Juxtaposed to this nurturing scene and the loving relationship between the mother and children is the interaction between Copley’s father-in-law and daughter. The grandfather looks off in the distance away from the child, he holds the child in an incredibly awkward manner.  The discomfort felt by the child is clearly evident on the child’s face as the child unsuccessfully reaches out to her grandfather for attention.

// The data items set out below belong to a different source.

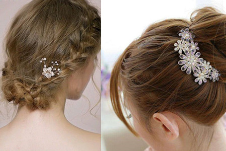 现在的发饰很多都以清新为主,比如一朵银色的小雏菊,插在金色的盘发上面,虽然看起来只有小小的一朵,可是却因为和它附近的小麻花辫相得益彰,有无比优雅清新的感觉。也有惯用的鲜花的发饰,把鲜花通过一定的方法扭转成一个花圈,套在简单的盘发上面,也很清新自然。
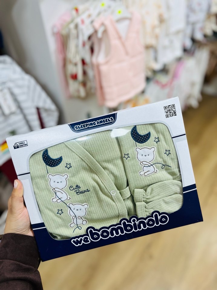 Beyaz pamuklu bebek uyku seti, hafif renklere ve sevimli ayıcık baskılara sahiptir. Yumuşak ve rahat kumaştan üretilmiştir. Kutuda 'webambinolo' markası yer alır. Yeni sıfır ürün 5 li yenidoğan hastane çıkışı
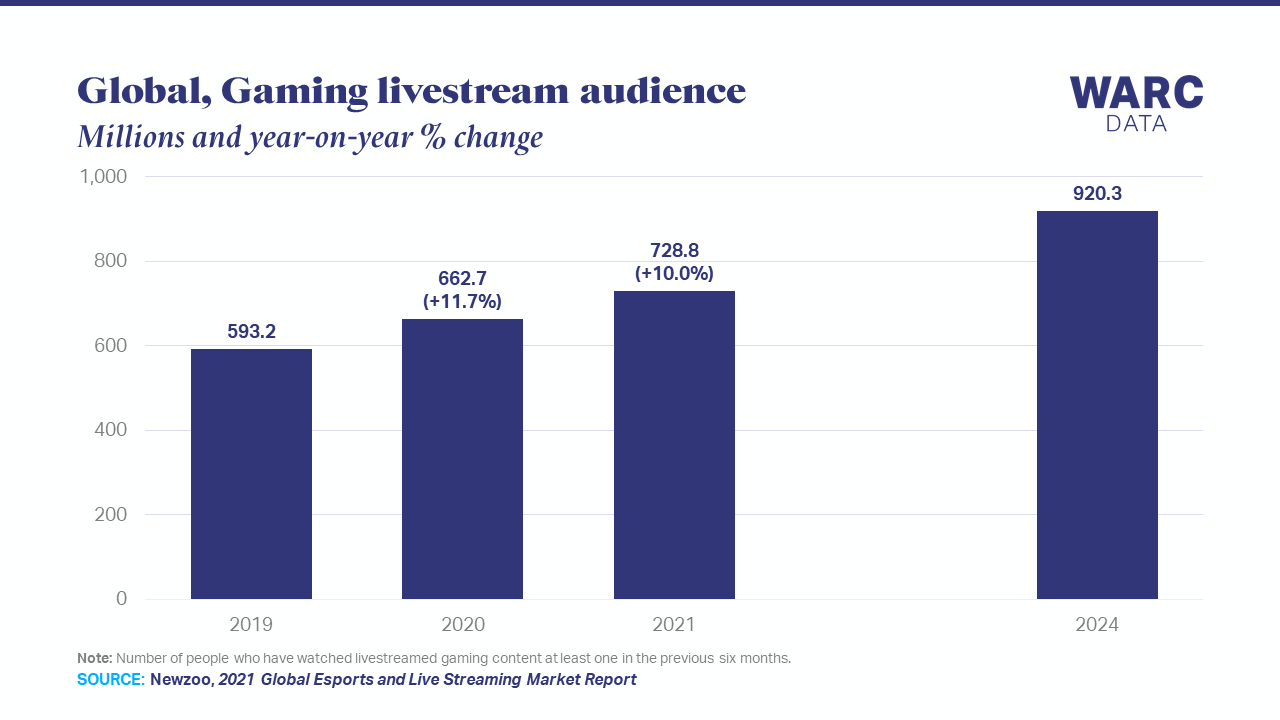 Aanvullend onderzoek van WARC Data wijst uit dat gamestreams vaak aantrekkelijker zijn geworden dan tv, althans voor jongere generaties, en dat Twitch alleen al sinds april 2020 elke maand meer dan twee miljoen kijkers trekt. Newzoo voegt daaraan toe dat driekwart van de inkomsten op professioneel e-sportsniveau afkomstig is van mediarechten en sponsoring, ruim 700 miljoen euro in 2021.

Copley is one of three figures to look directly toward the viewer.  In this manner he may be pulling the viewers into the painting as he intimately engages them through eye contact. Engaging the viewer in this manner allows him to tie himself to the public sphere.  He looks away from his family and toward the painting’s audience. Copley is also tied to the public sphere as he unveils the world beyond the domestic sphere that exists behind the curtains.  In the spirit of the Lockean system, this unveiled world is his world, masculine in nature, not fit for women. His wife is oblivious to the world her husband shows us as she looks inward, toward her child and family, in her own sphere.

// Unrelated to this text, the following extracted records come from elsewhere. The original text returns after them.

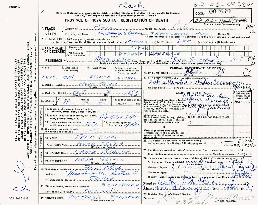 PROVINCE OF NOVA SCOTIA — REGISTRATION OF DEATH
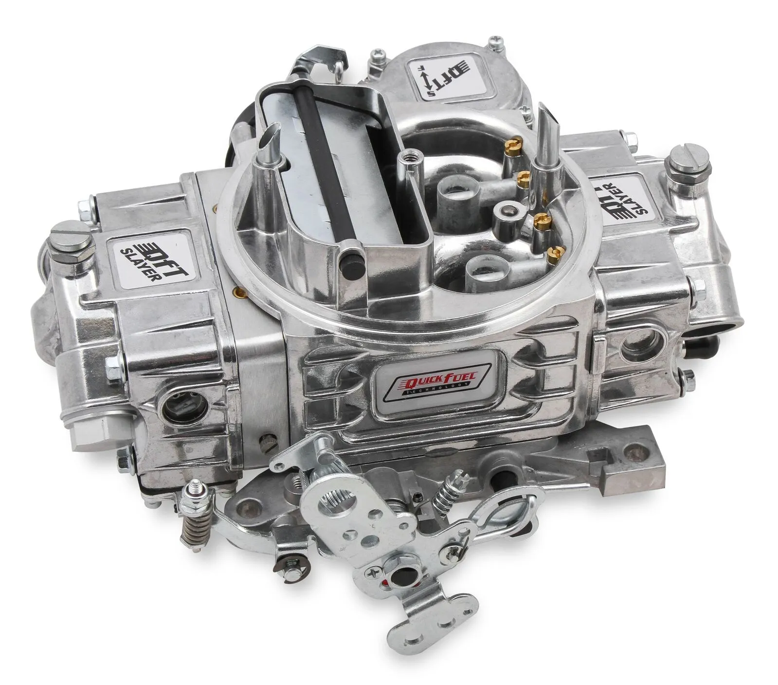 Slayer Series street carburetors are designed with many of the same innovations and features that are built into all QFT™ race-winning carburetors, including changeable air bleeds and power valve channel restrictions. It's designed with a secondary metering plate with changeable jets, and features all aluminum components for additional weight savings. All Slayer Series carburetors are equipped with universal throttle levers to accommodate Ford A/T kickdown, GM 700 R4 mounting holes, and ability to mount brackets for Chrysler vehicles. Slayer Series are available in 450, 600, and 750 cfm vacuum secondary models.
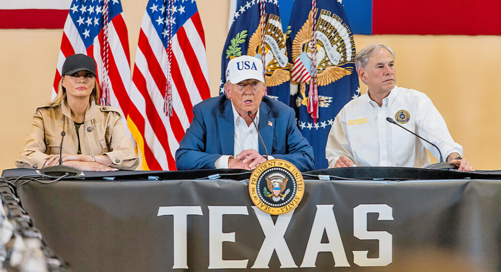 KERRVILLE — Governor Greg Abbott and First Lady Cecilia Abbott today joined President Donald J. Trump and First Lady Melania Trump during a visit to Kerr County to meet with Texas families and first responders regarding the recent severe flooding and heavy rainfall that devastated communities across Texas. The Governor and First Lady also visited the Wall of Hope in downtown Kerrville.

While the painting strongly suggests that gendered spheres were indeed emerging just as the United States declared its independence, not all historians support the idea that such a gendered division of society existed during this period. Arguably, the Lockean system may have been an ideal construct, but it was not an entirely accurate portrayal of early national and antebellum American society. Women did find ways in which to operate within the public sphere, which was supposedly masculine and inaccessible to them. Carolyn Lawes argues nicely in her work Women and Reform that such gendered spheres were not the reality in antebellum America. Lawes demonstrates that through the church, sewing circles, work with orphans, and work outside of the home, women found “room to maneuver” and challenge the ideals of Republican Motherhood and the Cult of Domesticity. In essence, by using the very stereotypes that attempted to relegate women to the home, women were able to find ways in which they could “exert themselves and enforce their will upon a rapidly changing community.”

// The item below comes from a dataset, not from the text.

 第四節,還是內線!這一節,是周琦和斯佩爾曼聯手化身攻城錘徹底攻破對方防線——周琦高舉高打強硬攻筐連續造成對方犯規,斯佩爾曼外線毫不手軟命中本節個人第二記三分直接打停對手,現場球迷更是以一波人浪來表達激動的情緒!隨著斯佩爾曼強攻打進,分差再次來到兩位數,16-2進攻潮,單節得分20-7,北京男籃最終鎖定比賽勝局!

In this light The Copley Family could reveal not only the ideal of the Cult of Domesticity, but the painting could also reveal a society in which public and private spheres merged.  The only other figure besides Copley and his young daughter—the one who is holding onto Susanna in distress—to clearly look at the viewer is Copley’s oldest daughter who stands alone in the center of the painting. In this manner she exerts a degree of independence as she pulls the viewer into the painting to meet her family. She is not tied to the domestic sphere but, like her father, is interacting with the viewer who is in the public sphere. The doll tossed to the side in the painting possibly suggests that this daughter is approaching adulthood since the doll is tied to her through clothing yet has been tossed to the side. This is arguably a young lady who will soon be finding ways to interact in the public sphere.

The floral pattern on the carpet allows the private sphere to merge with the public sphere that Copley reveals to the viewer. The floral pattern on the carpet ties the home to the public sphere, thus suggesting that the two spheres are interconnected, similar to the “unofficial sphere” that Catherine Allgor examines in her work Parlor Politics, in which the women of Washington D.C. allowed their homes to become the medium through which national political issues could be settled. In this manner, The Copley Family not only reflects the themes related to Republican Motherhood and the Cult of Domesticity, it also nicely reflects the rich and complex historiography surrounding women’s history during the early national and antebellum periods.  This is a painting that serves nicely as a window to the past!